Новое чувство завладело сердцем Чада. Нечто неясное и зловещее одолело его существо, будто все, что он изведал прежде, все, что любил, во что верил, на что откликался, теперь стало далеким и призрачным, как мираж. Его настигло ощущение, что все забвенно, странно и незначительно. Вместе с тем открылась гнетущая легкость и невообразимая тяжесть, которых он в себе не подозревал, и Чад просыпался с этими чувствами и, подавленный ими, отходил ко сну, силясь понять, неужели отныне так и будет, неужели теперь они всегда – с ним, куда бы он ни шел, что бы ни делал?

С момента приступа, который приключился с ним в бетлемском хранилище, прошло шесть дней, физические показатели Чада вернулись в норму, и, по прогнозам Арлин, ему давно пора было встать с больничной койки и вернуться к прежним занятиям, однако его ментальное состояние день ото дня становилось все хуже. Чад отказывался подниматься, жалуясь на слабость, и страдал от этого, понимая, что им владеет нечто бесконтрольное и более могущественное, чем воля или усилие, что-то безжалостное.

Арлин не отходила от его постели. Делала заметки, подмечая малейшие изменения в душевном состоянии Чада. Ей не нравилась тенденция. Надежда на то, что она стала свидетелем какого-то случайного, единичного эпизода, таяла на глазах, ведь с каждым днем прибавлялись все новые тревожные симптомы. И если в самом начале Чад просто лежал в палате и лишь непривычная задумчивость служила признаком неожиданного душевного разлада, то теперь прибавились и жалобы на физическое недомогание. Чад то сетовал на мигрирующую мышечную боль, то признавался, что не может двигать губами, так как у него нет сил говорить. Он выглядел плохо. От больничного воздуха румянец сошел с его лица и кожа приобрела болезненный сероватый оттенок. Глаза теперь смотрели испуганно, взгляд сделался излишне созерцательным, сосредоточенным на чем-то невидимом, словно существовала жизненная необходимость следовать за каким-то внутренним движением, фокусировать на нем внимание.

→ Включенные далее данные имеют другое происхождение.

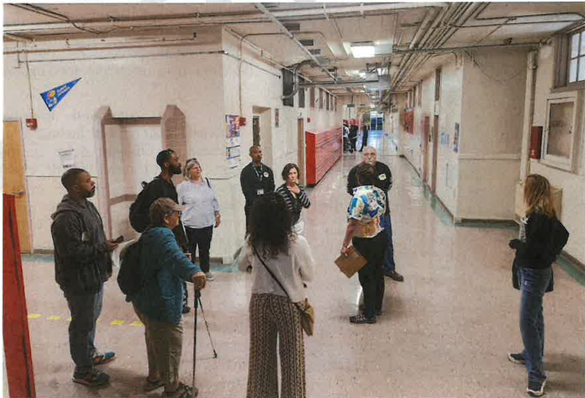
Above: CBOC Members and others During a Site Visit to Roosevelt Middle School
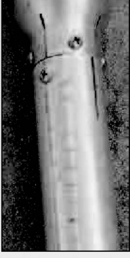
The author marked each trap carefully for optimum tuning.
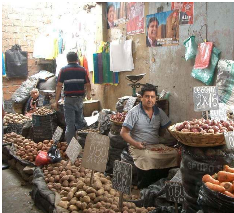
Here is where potatoes originally came from. Some of the many varieties in a potato market in Peru

So there’s a lot that can go wrong. Even so, the most robust demographic projections now tell us that if we can feed 9.5 billion people, and continue to do so for a few decades or centuries, then after that the problem will get easier. In other words, the 9.5 we should reach in 40 years is as bad as things ought to get. At present it seems that Malthus was wrong: the problem of population growth is not open-ended. It can be seen to be finite. This is the best news that planet Earth has had since human beings started farming on an appreciable scale at the end of the last Ice Age, around 10,000 years ago.
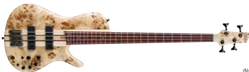
NTF (Natural Flat)
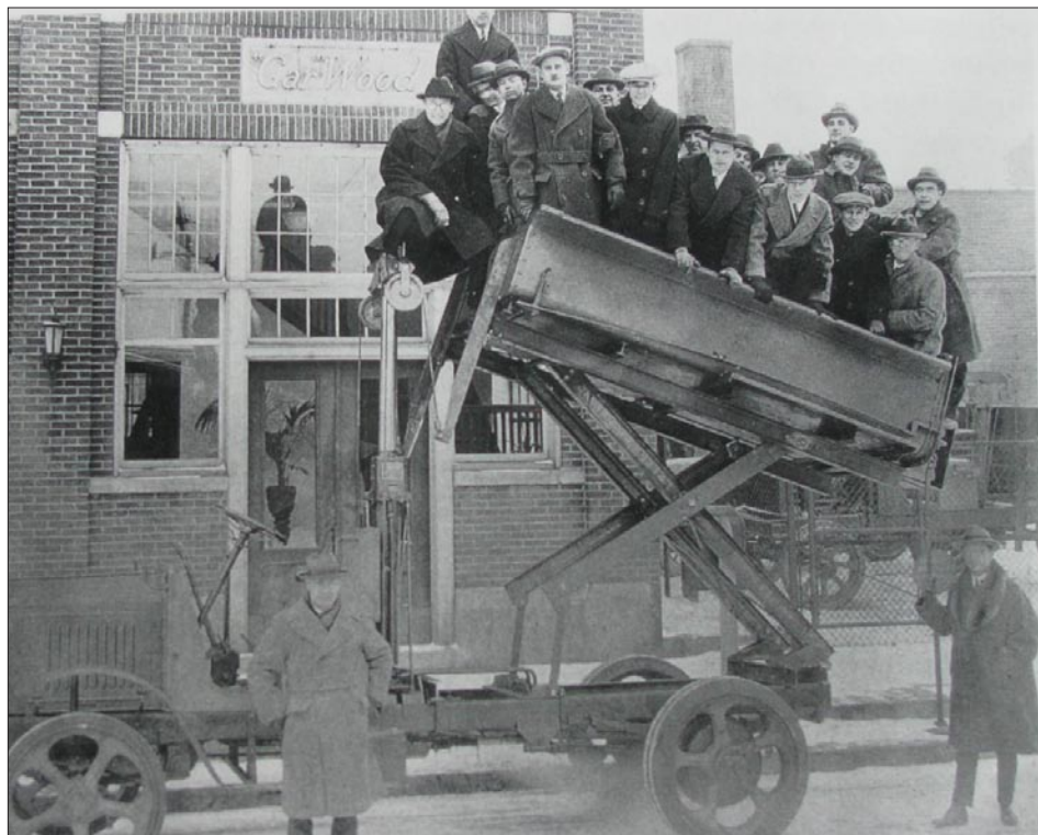
With 18 men in the cargo bed, this truck demonstrates the lifting power of Wood's patented hydraulic hoist which would eventually be used in dump trucks around the world, making Gar Wood and his wife millionaires.

In 1916 he bought his racing boat, Miss Detroit . When he went to visit her at the Chris Smith & Sons Boat Company in Algonac, Wisconsin, he decided to buy a large share of the company as well. Chris Smith and Gar Wood were an excellent team, with Smith's knowledge of wood-working and Wood's engineering ability. Together they would eventually start the Miss America dynasty of boats. Smith and Wood worked together for about five years before Smith left to focus on pleasure boats while Wood was captivated with racing. Wood would go on to win the Gold Cup and the international Harmsworth Trophy nine times.
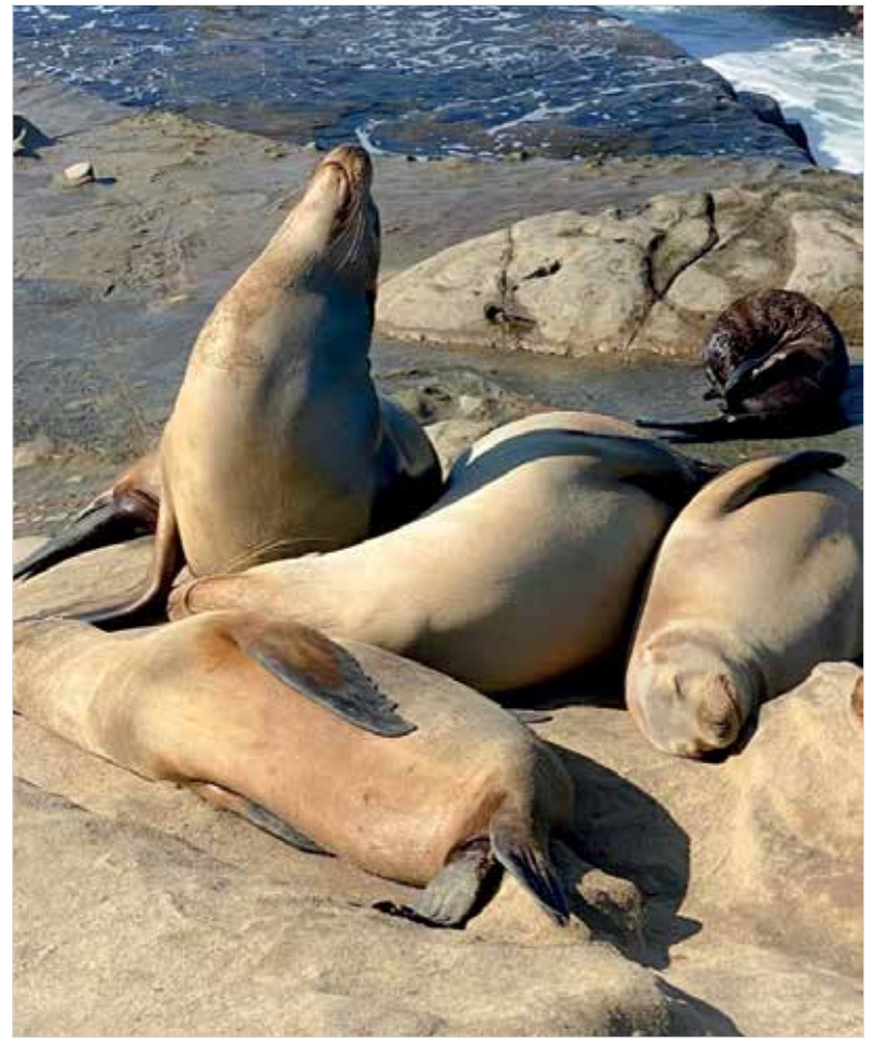
Sea lions at Point La Jolla.
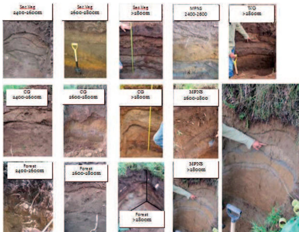
Figure 1. Mosaic of soil profiles in pits for different cover systems and at different altitude ranges in volcanic soils in Colombia (secondary vegetation; pasture mosaic with natural spaces; weeds; weedy grasses; clean pastures; and high, dense forest mainland).
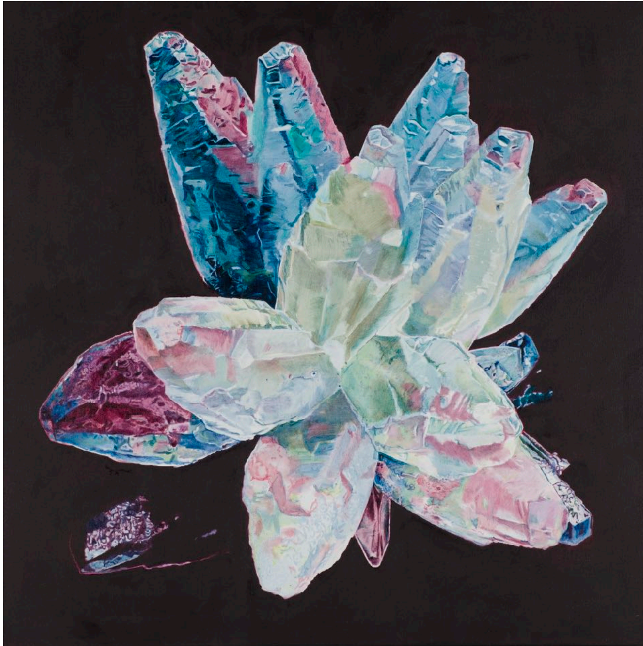
Until I remember that you've gone 2022 Oil on canvas, 100 x 100 cm, private collection
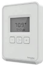
LCD with Buttons
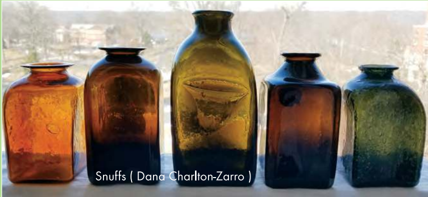
Snuffs ( Dana Charlton-Zarro )

A collection of spectacular and inspiring photographs from around the world and around the web. Please feel free to submit your images for consideration.
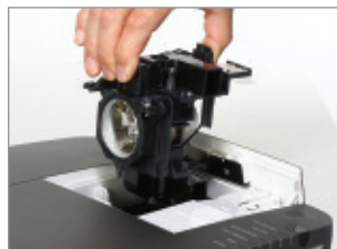
Easy lamp change.
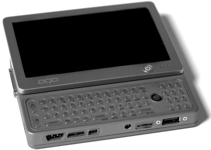
Figure E7. The OQO 01 with QWERTY keyboard exposed (12.44 x 8.64 x 2.29 cm).
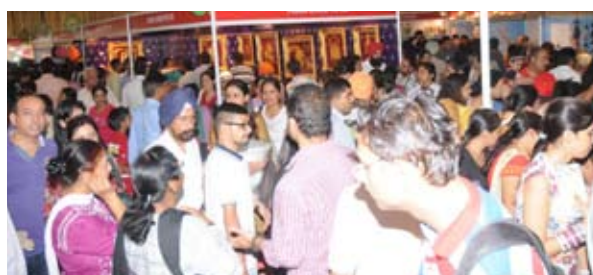
Visitors at the Thailand Trade Show in Chandigarh

The 5-day Business to Consumer (B2C) fair, jointly organized by CII and the Department of International Trade Promotion (DITP), Ministry of Commerce, Thailand, showcased the offerings of 30 Thai companies, with a special stall of Thai Airways and Tourism. B2B meetings between traders, manufacturers and distributors of the two countries were also facilitated.
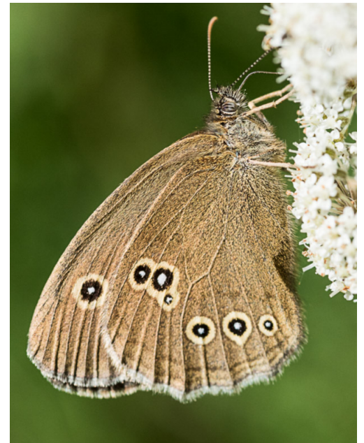
Right - Brimstone, Top right - Green Veined White and Bottom right - Ringlet
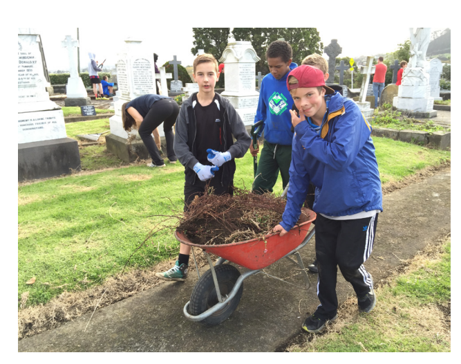
Pictured: Nolan students working at St Patrick's Cemetery in Panmure on May 17th.

• Auckland Domain – gardening and rubbish clearing
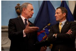
Event with New York City and Mayor Bloomberg

Promoting multi-sector awareness and action
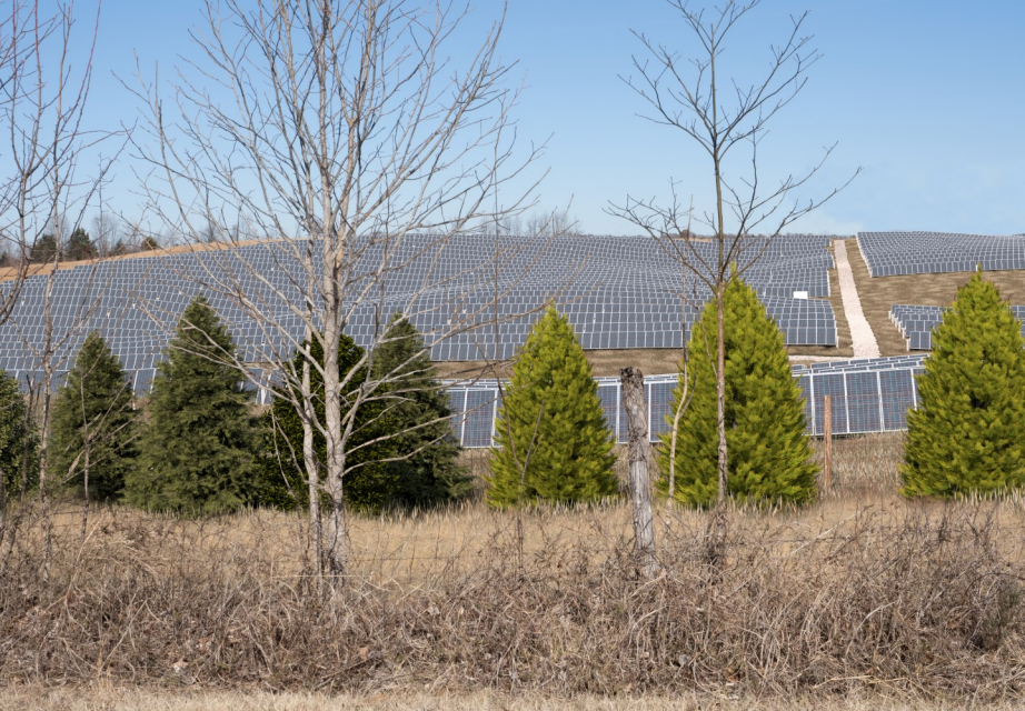
VP-10 | Proposed - Five Years after Planting
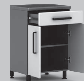
1 Adjustable Shelf
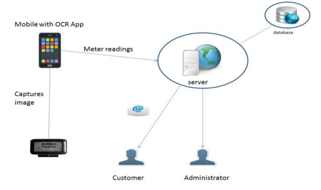
Fig1.System architecture of proposed system

We are developing the Solution for meter reader and a web portal for customer. By using Android application, reader will get the meter reading. Meter reader carries handheld device [1] with android Operating system in which our android application is installed.
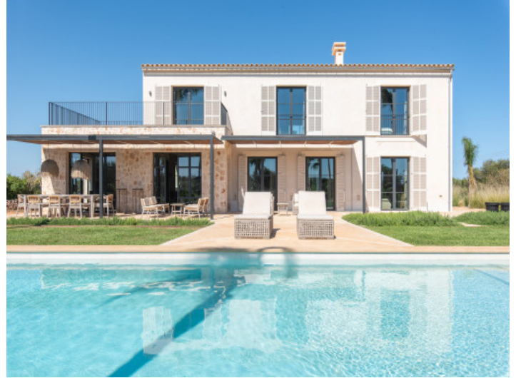
Newly-built finca with pool
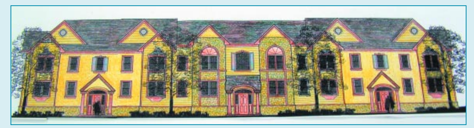
Artist rendering- final colors may change.

The Sale of 150 Secatogue Avenue to Fairfield Properties has been completed. Fairfield Properties has a rock solid, 30 year reputation of providing superior care and service for all its properties. They maintain immaculate grounds and utilize innovative programs to match the needs of each community. The renovation plans have been approved and the work has already begun. The apartments, as the leases come up, are being completely gutted, updated and modernized. The building will also receive structural steel reinforcement over next few weeks. As the above illustration shows, the new façade will be comprised of brick, stucco and hardy board. The grounds will be completely landscaped with a gazebo in the front courtyard.

Меланхолия. Есть ли в жизни человека нечто столь же неуловимое и в то же время существенное, как это нежное чувство, с такой жестокостью терзающее душу? Она живет в уключинах пальцев, перетекает в центр ладони и оттуда пробирается в средостение, где раскрывается мрачным и плавким цветком, вызывая душевное томление. Нечто темное и громоздкое поселилось у Чада в груди, и движения его стали слабыми, а тело – податливым. Когда его пытались усадить, он едва не валился на бок, стонал от внутренней боли и не мог найти слов, чтобы описать ее. Трогая грудь, он озирался по сторонам, пытаясь призвать на помощь Арлин, медсестер, хоть кого-то, способного вернуть ему самообладание, избавить от навалившейся на него тоски, но ничего не помогало. Витальная энергия покидала Чада, и каждый день это становилось все более очевидным.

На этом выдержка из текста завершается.